Now, Vicky was forty seven, and when she looked back, Ricky had been a huge mistake. Their marriage had started off well with a honeymoon to Mussel Shoals, or at least, that's what she thought then. Back then, she'd have said they made love twice a day. Now, she knew that really, Ricky had just used her twice a day. She couldn't remember him doing anything to give her the same pleasure.
Once they set up housekeeping, Vicky had tried to be a good wife. She kept the house clean, washed their clothes, and always had dinner ready when Ricky came home. She never refused his attentions even when she didn't feel like being intimate.
Ricky didn't hold up his end of the marriage. He did work, but construction jobs depend on the weather. If it rained, Ricky didn't work, and if Ricky didn't work he was usually at Ted's Bar drinking beer, spending their money, and telling everybody about the touchdown he scored that took the team to the state championships.
When she started coming up short of money to pay the bills, Vicky took a job as a waitress. She was pretty, had a young girl's slender figure, and she made up for the low wages with tips. The extra money tided them over the days when it rained or the winter months when it was too cold for construction.
They'd been married a year and a half when Ricky came home from work early. Vicky asked if the company had stopped work for some reason. Ricky said no, he'd quit because the construction foreman had told him to do something that wouldn't have worked.
Vicky didn't say anything, but she was worried. Without Ricky's paycheck, they couldn't afford pay the rent and eat too. The next day, she asked her boss if she could work more hours and he scheduled her for two more days a week. It still wasn't enough, but it would help. Ricky had assured her he'd look for another job as soon as he took care of a couple things around the house.

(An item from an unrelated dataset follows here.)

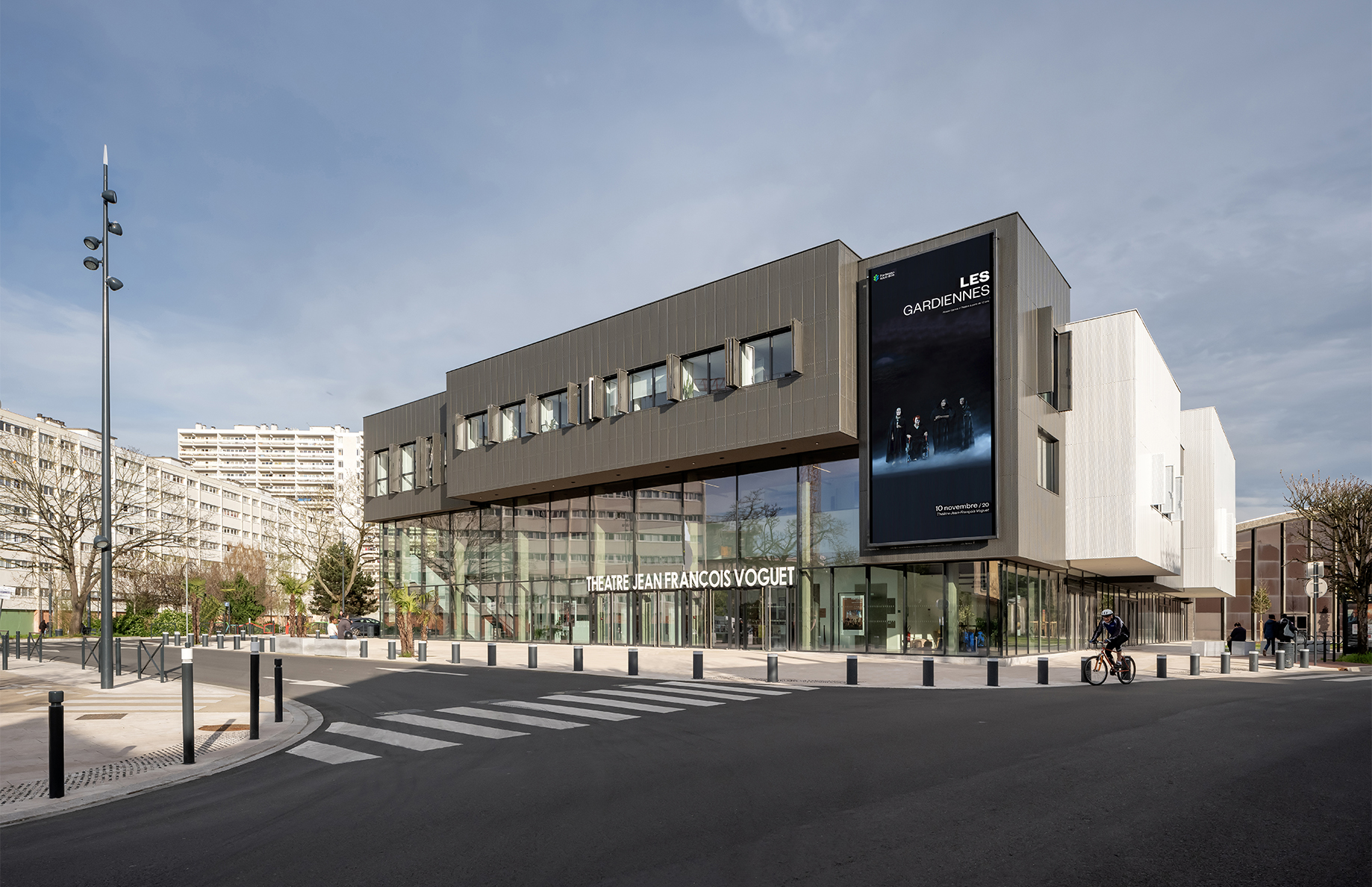 Avec une composition simple et élégante, l’utilisation de peu de matériaux différents en façades, le projet architectural met l’accent sur la fonctionnalité des espaces et les liens entre l’intérieur et l’extérieur du théâtre. Les façades des volumes principaux sont composées d’un voile en béton et d’un parement de cassettes métalliques perforées de couleur blanche et gris anthracite. Pour garder un lien visuel entre le théâtre et son quartier, les façades principales, orientées sur la place Marcel Paul et le boulevard, sont vitrées et permettent ainsi aux passants d’apercevoir les espaces d’accueil, le hall et le foyer. C’est une véritable invitation à entrer dans le théâtre.

Two weeks later, Ricky was still sitting on the couch watching television, and Vicky pawned her engagement ring in order to pay the rent. When Ricky noticed it missing from her hand, he was furious. Their fight that night ended when Ricky stormed out of the house, got in their truck, and spun the tires as he left the drive. Vicky was nursing a bruise on her face and another where he'd grabbed her arm.
Vicky called her father once Ricky left. Half an hour later, she was sitting with her mother and father and explaining what had happened. Her mother tried to be sympathetic. Her father just said, "Victoria, it's not going to get any better. I talked to the construction company owner to see if I could convince him to give Ricky a second chance. I found out Ricky didn't quit. He got fired. The owner said Ricky had been missing work and when he did show up, he smelled like beer. He couldn't have someone like that driving heavy equipment. The best thing for you to do is to divorce him. We'll help you pay the lawyer if that's how you decide to go."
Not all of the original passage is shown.